Items from a data source

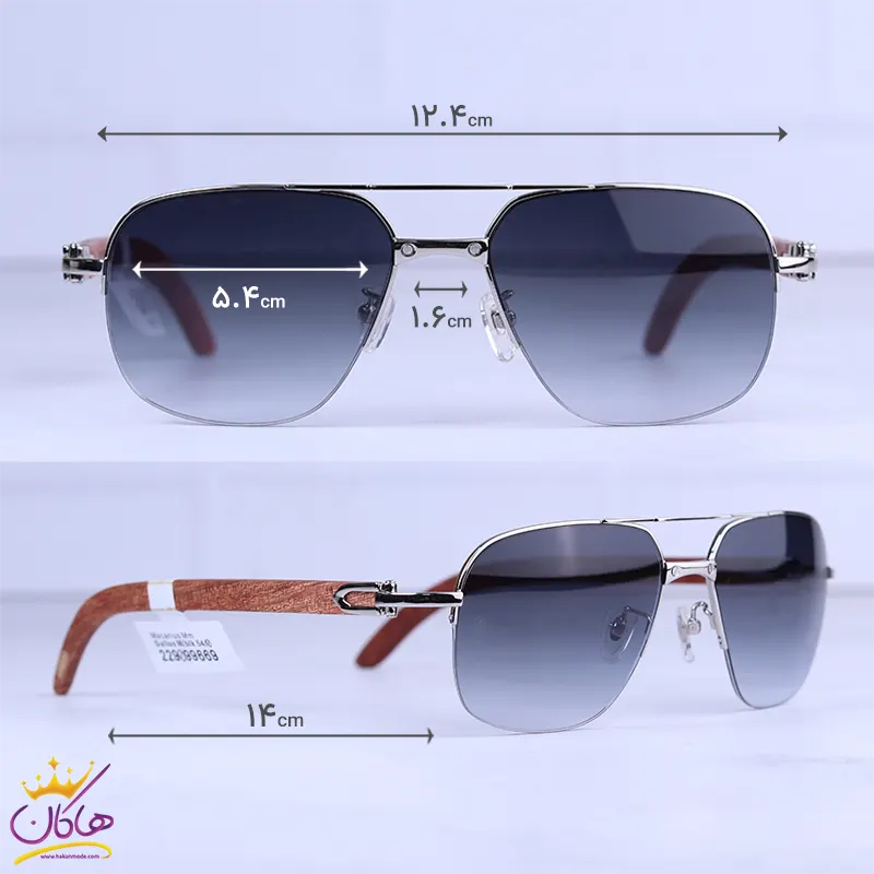 ابعاد عینک آفتابی کارتیر نیم فریم دسته چوبی t8200767/1
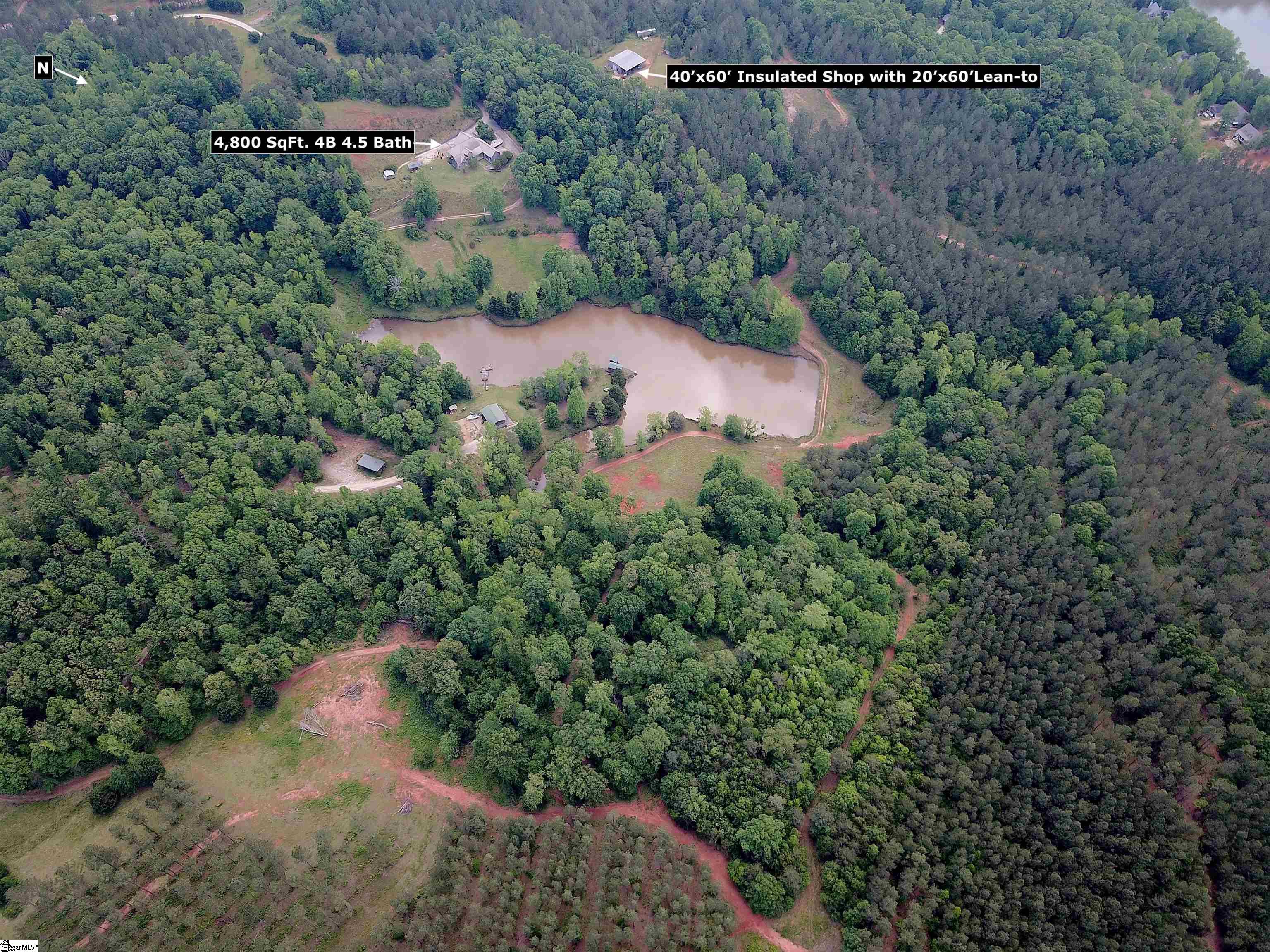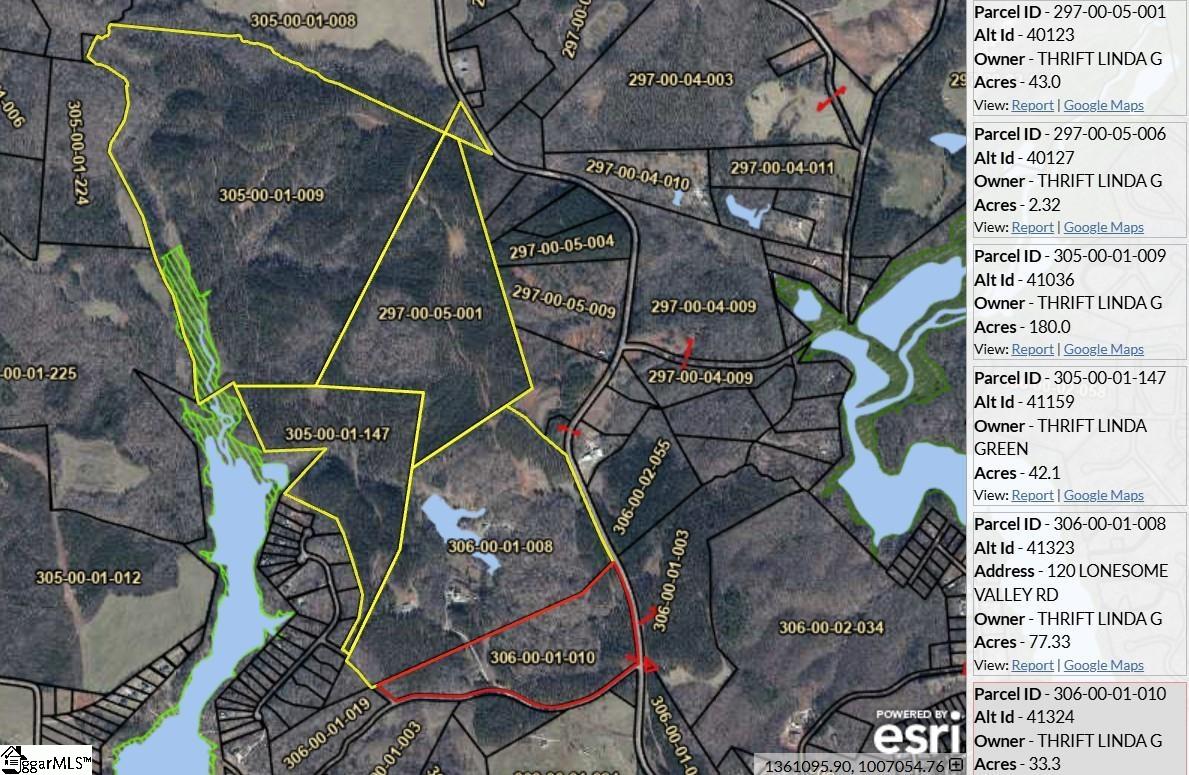 Some owner financing may be possible! Call Clyde for details, please. These 378 +/- Acre improved tracts are truly a very rare offering, located in the “Golden Corner” of South Carolina, Oconee County. This offering includes: 43. 0+/- Acres shown as TMS # 297-00-05-001 2. 32+/- Acres shown as TMS # 297-00-05-006 77. 33+/- Acres shown as TMS # 306-00-01-008 180+/- Acres shown as TMS # 305-00-01-009 42. 1+/- Acres shown as TMS # 305-00-01-147 33. 3+/- Acres shown as TMS # 306-00-01-010 And all improvements thereon. The improvements are almost too numerous to mention and include county water, a custom built, 3942 +/- Sq. Foot, 5-bedroom, 4 bath owner’s home circa 2001, a second, 1 Bedroom, 2 Bath “lake lodge” residence complete with full camper connection, and multiple outbuildings including a 2400+/- Sq. Ft. , red iron and steel shop with water and septic. 100’s of acres of 30+/- year, standing pine and hardwood timber are present. All timber, soil, & and mineral rights will be retained if owner financing is utilized for the purchase. Among the numerous features of the primary residence include the complete, single level living space design with Master on Main along with all the other bedrooms! Plus that 22’ X 21’ FLEX/FROG/bed/or specialty room upstairs with its own full bath. All the rooms downstairs feature high ceilings throughout including trays and crown as you would expect. There is almost no sheetrock, instead most of the interior walls are upgraded pine, popular, and cedar. In fact, all the closets feature true cedar plank walls. Floors are hardwood or tile throughout except for the FLEX. The Square footage of the home is per the plans and if significant, please measure. Those plans were modified from the 2-car garage plan shown to the 3 car version “as built” for instance. The heating (and cooling) is via electric heat pumps however there is also tertiary backup systems for heat via propane and wood. With over 2000’ road frontage on Dr. Johns Rd. , 2300’ road frontage on Lonesome Valley Rd. , and another 600+’ road frontage on Lake Breeze Way, ingress and egress onto these parcels is almost unlimited. Improvements on the site also includes a 2 ¾ +/- acre fishing and swimming pond with lake house (Measurements of the pond were made using Oconee County’s Parcel Viewer Measurement Tool - If significant, please verity). That pond is fed by 2 streams assuring a full pond even during the worst of drought conditions. Yet another PLUS: Lonesome Valley Rd. runs parallel with Mullins Ford Landing Rd. and Mullins Ford Landing is a public access point to Lake Hartwell and is basically one street away from your private estate! The boat launch is on the opposite side of the ridge line on Mullins Ford Landing Rd. so there should be no noise from that boat launch. There is city water on site with septic tanks for sewer (for all of the buildings, even the shop which has its own bathroom as well). No extra sewer fees and of course, no HOA or fees. An estate of this caliber and location do not come on the market very often! So come check it out today and make it yours before someone else does! From I-85 at Exit #1 (Hwy 11) Head North on SC Scenic Hwy 11 to LEFT on W Spearman Rd. Take a quick RIGHT on Mt. Pleasant Rd, then a LEFT on Blackjack Rd. RIGHT on Dr. Johns Rd. Entrance #1: Lonesome Valley Rd is the second LEFT past Mullins Ford Landing Rd. Entrance #2: The gated driveway to “The Lodge House” is located at 1944 Dr. Johns Rd. , about a quarter mile further north from Lonesome Valley Rd. and is about 1/10 a mile from that corner of the property! Entrance #3: There is also a third gated entrance about ½ mile further north on Dr. Johns Rd. See the tax map aerial photos for more details.
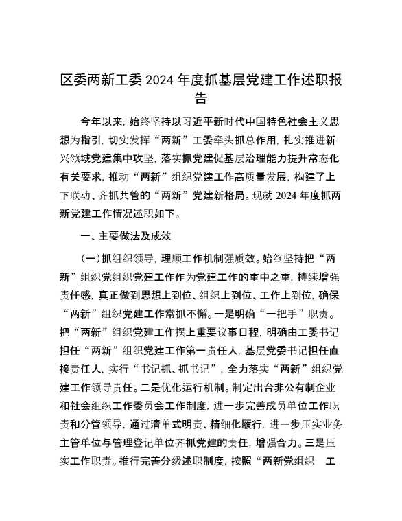 区委两新工委2024年度抓基层党建工作述职报告 2025-01-06 Word模板 83 购买前,请一定要先点击这里看看,欢迎持续关注,精彩模板每天推送 预览结束,本文件为word文档,一共7页,共3443字,请购买后,下载后查看 购买前,请一定要先点击这里看看,欢迎持续关注,精彩模板每天推送 资源下载下载价格29 RMBVIP免费升级VIP点击检测网盘有效后购买有任何充值和下载问题请加微信:xuexixuexi66 0 总结汇报
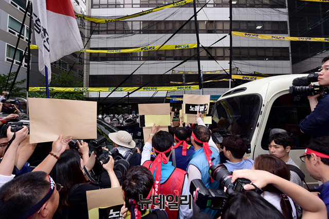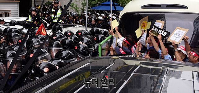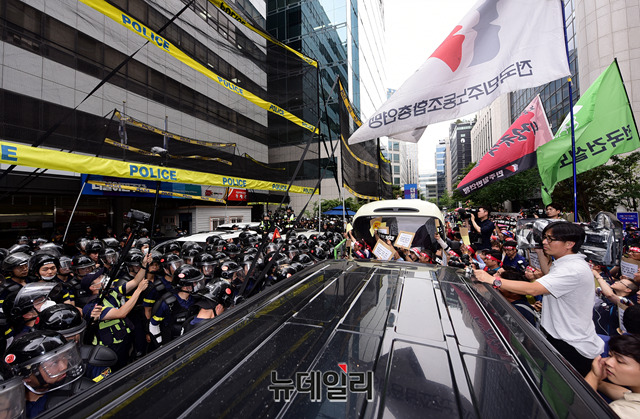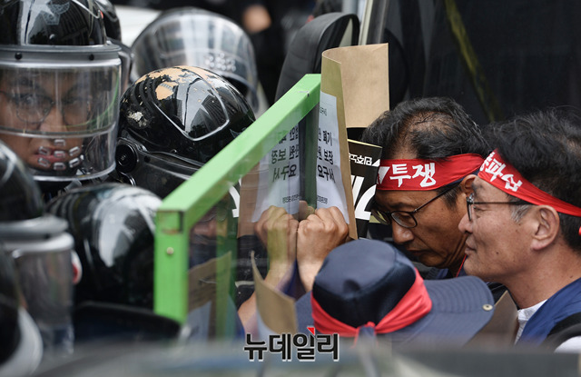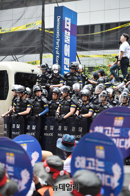 민노총이 15일 오후 서울 여의도 더불어민주당 당사 앞에서 이해찬 대표 면담을 요구하며 경찰과 대치하고 있다. 민노총은 이날 최저임금위원회가 결정한 내년도 최저임금에 반발해 국회 앞에서 결의대회를 열고, 18일부터 총파업에 돌입한다고 밝혔다.
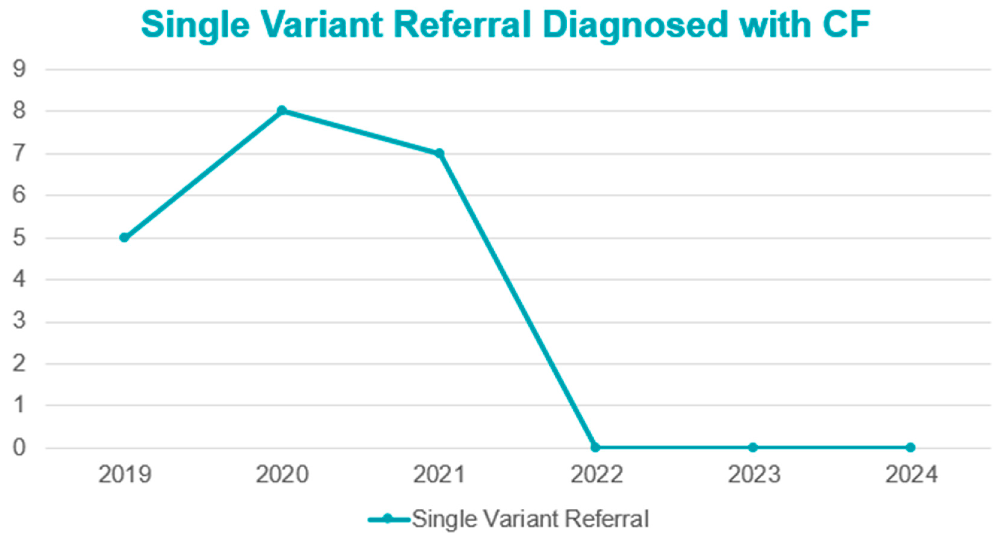 - McGarry, M.E.; Sciortino, S.; Graham, S.; Bishop, T.; Gibb, E.R. Improved detection of cystic fibrosis by the California Newborn Screening Program for all races and ethnicities. Pediatr. Pulmonol. 2024, 59, 2901–2909. [Google Scholar] [CrossRef] [PubMed]
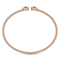 Gabriel & Co. BG4244-65K45SA 14K Rose Gold Bujukan Bead Cuff Bracelet with Sapphire and Diamond Halo Caps
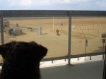 Wat zegt ze? Denkt ze dat ik eindelijk oud genoeg en getraind genoeg ben om te mogen los lopen op het strand? Goed geoefend in Frankrijk? Volgens het bord mag het hier… als we maar de goede kant uitgaan!
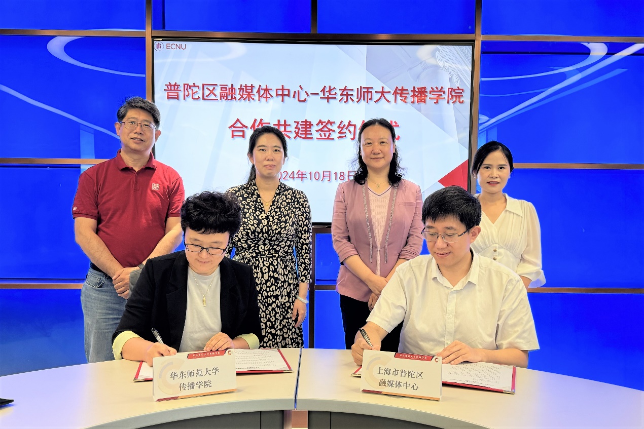 10月18日上午,ag亚游-真人ag-亚游平台 与普陀区融媒体中心合作共建协议签约仪式在ag亚游 智慧与创意融媒体教学示范中心举行。ag亚游 党委书记朱文佳,院长王峰,副院长于晶及相关辅导员;普陀区委宣传部副部长、网信办主任、区新闻办主任钱晓莉,普陀区委宣传部副部长陆红,普陀区融媒体中心副主任黄津亮及普陀区融媒体中心各部门负责人共同出席了签约仪式。签约仪式由朱文佳主持,于晶和黄津亮代表双方现场签约。

Exercise instructions: Write out exactly the stretch of lines that begins with the line containing "Gabriel & Co." and ends with the last line of the records above, leaving out the pictures.

Written response:
 Gabriel & Co. BG4244-65K45SA 14K Rose Gold Bujukan Bead Cuff Bracelet with Sapphire and Diamond Halo Caps
 Wat zegt ze? Denkt ze dat ik eindelijk oud genoeg en getraind genoeg ben om te mogen los lopen op het strand? Goed geoefend in Frankrijk? Volgens het bord mag het hier… als we maar de goede kant uitgaan!
 10月18日上午,ag亚游-真人ag-亚游平台 与普陀区融媒体中心合作共建协议签约仪式在ag亚游 智慧与创意融媒体教学示范中心举行。ag亚游 党委书记朱文佳,院长王峰,副院长于晶及相关辅导员;普陀区委宣传部副部长、网信办主任、区新闻办主任钱晓莉,普陀区委宣传部副部长陆红,普陀区融媒体中心副主任黄津亮及普陀区融媒体中心各部门负责人共同出席了签约仪式。签约仪式由朱文佳主持,于晶和黄津亮代表双方现场签约。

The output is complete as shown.